Segment Open

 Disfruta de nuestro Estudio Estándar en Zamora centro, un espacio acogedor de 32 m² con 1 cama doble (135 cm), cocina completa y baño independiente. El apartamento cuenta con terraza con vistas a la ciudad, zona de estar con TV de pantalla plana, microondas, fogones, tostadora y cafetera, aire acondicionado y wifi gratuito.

Segment Closed
Segment Open

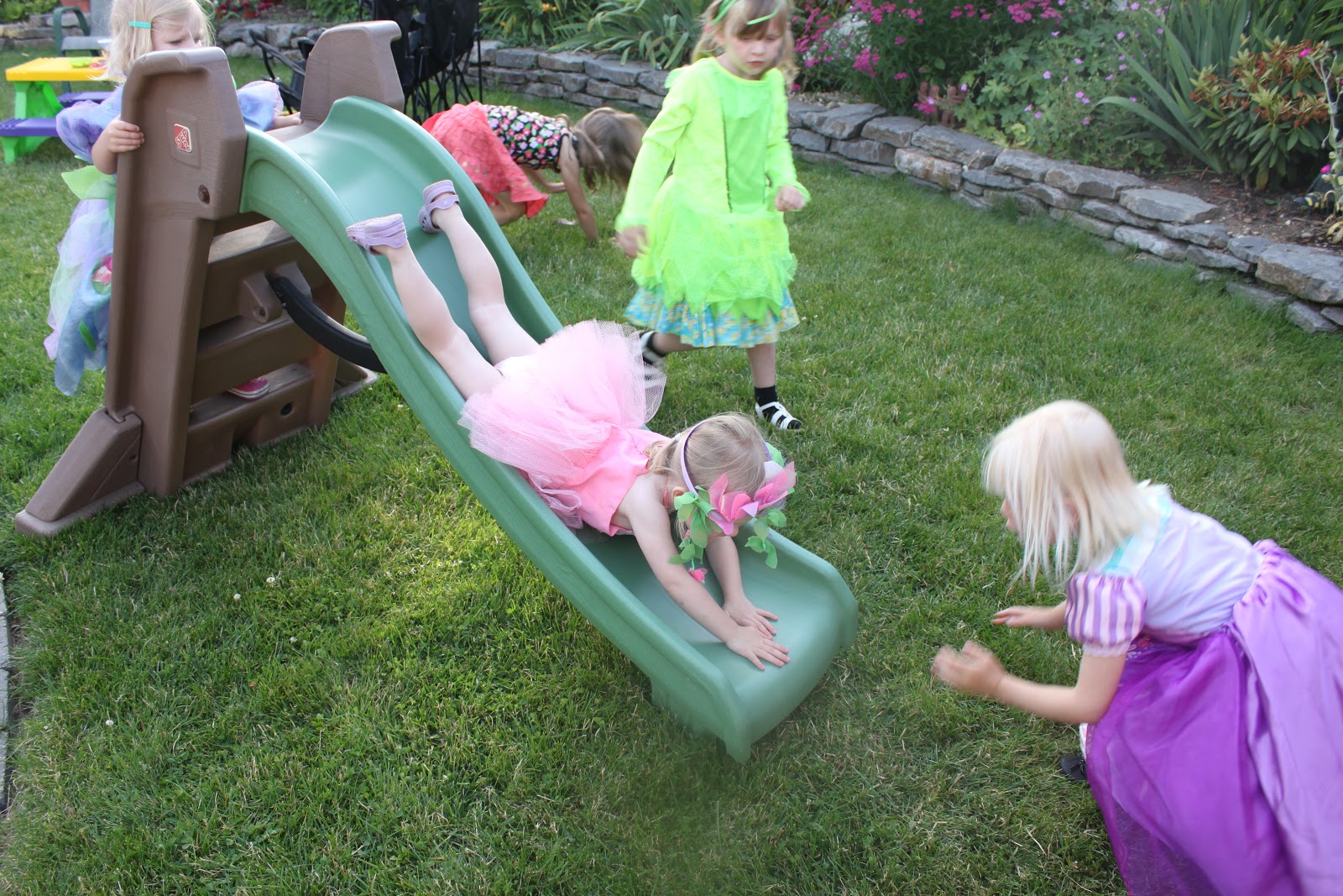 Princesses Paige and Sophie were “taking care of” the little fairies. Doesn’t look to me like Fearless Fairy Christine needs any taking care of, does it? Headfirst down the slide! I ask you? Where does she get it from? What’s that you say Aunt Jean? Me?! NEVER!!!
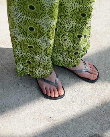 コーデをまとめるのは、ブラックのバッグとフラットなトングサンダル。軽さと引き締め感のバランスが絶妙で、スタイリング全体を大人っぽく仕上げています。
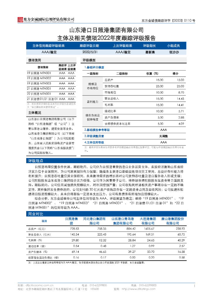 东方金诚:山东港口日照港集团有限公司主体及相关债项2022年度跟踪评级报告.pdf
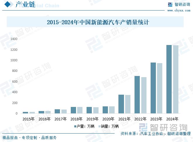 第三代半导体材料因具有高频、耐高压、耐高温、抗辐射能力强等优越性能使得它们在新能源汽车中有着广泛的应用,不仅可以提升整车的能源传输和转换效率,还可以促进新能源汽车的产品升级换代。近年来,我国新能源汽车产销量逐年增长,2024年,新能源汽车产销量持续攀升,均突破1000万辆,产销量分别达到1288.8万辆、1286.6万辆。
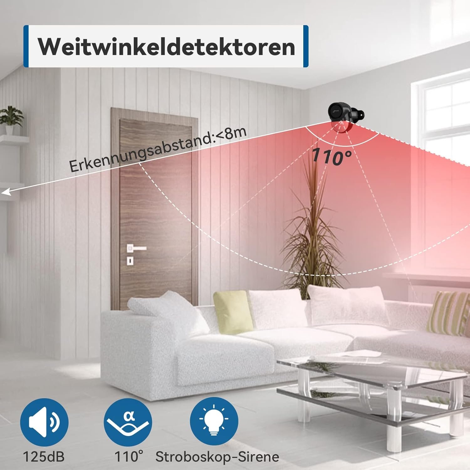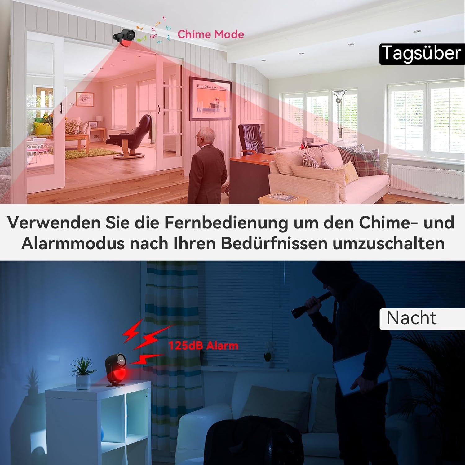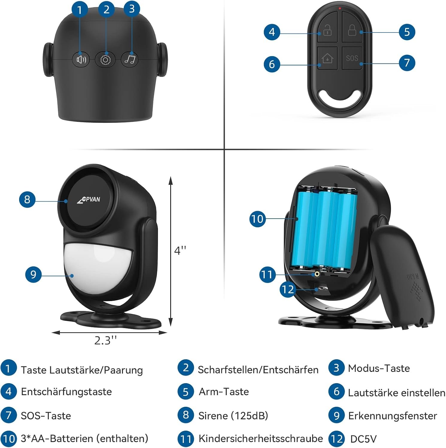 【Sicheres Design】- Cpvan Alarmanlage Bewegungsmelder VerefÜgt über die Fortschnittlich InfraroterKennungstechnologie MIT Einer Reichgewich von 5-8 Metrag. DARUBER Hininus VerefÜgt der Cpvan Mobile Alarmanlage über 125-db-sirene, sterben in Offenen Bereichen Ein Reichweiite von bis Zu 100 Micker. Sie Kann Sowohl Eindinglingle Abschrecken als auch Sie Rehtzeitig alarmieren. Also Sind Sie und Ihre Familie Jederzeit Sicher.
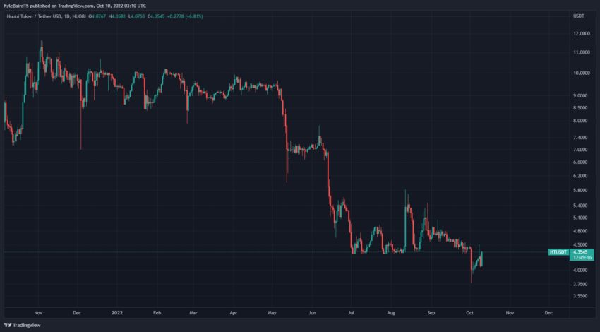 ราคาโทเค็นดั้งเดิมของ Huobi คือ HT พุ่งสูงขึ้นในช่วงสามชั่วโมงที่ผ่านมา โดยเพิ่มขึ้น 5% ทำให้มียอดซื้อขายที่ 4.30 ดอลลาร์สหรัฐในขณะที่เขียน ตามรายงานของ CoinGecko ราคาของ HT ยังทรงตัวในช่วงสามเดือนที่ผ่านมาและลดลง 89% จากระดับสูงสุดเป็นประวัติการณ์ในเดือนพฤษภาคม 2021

Segment Closed

*Exercise*
Given the entries above, transcribe exactly the lines from the one holding "Familie Jederzeit Sicher." through the one holding "ราคาโทเค็นดั้งเดิมของ Huobi คือ"; pictures do not belong in the transcription.

*Final answer*
 【Sicheres Design】- Cpvan Alarmanlage Bewegungsmelder VerefÜgt über die Fortschnittlich InfraroterKennungstechnologie MIT Einer Reichgewich von 5-8 Metrag. DARUBER Hininus VerefÜgt der Cpvan Mobile Alarmanlage über 125-db-sirene, sterben in Offenen Bereichen Ein Reichweiite von bis Zu 100 Micker. Sie Kann Sowohl Eindinglingle Abschrecken als auch Sie Rehtzeitig alarmieren. Also Sind Sie und Ihre Familie Jederzeit Sicher.
 ราคาโทเค็นดั้งเดิมของ Huobi คือ HT พุ่งสูงขึ้นในช่วงสามชั่วโมงที่ผ่านมา โดยเพิ่มขึ้น 5% ทำให้มียอดซื้อขายที่ 4.30 ดอลลาร์สหรัฐในขณะที่เขียน ตามรายงานของ CoinGecko ราคาของ HT ยังทรงตัวในช่วงสามเดือนที่ผ่านมาและลดลง 89% จากระดับสูงสุดเป็นประวัติการณ์ในเดือนพฤษภาคม 2021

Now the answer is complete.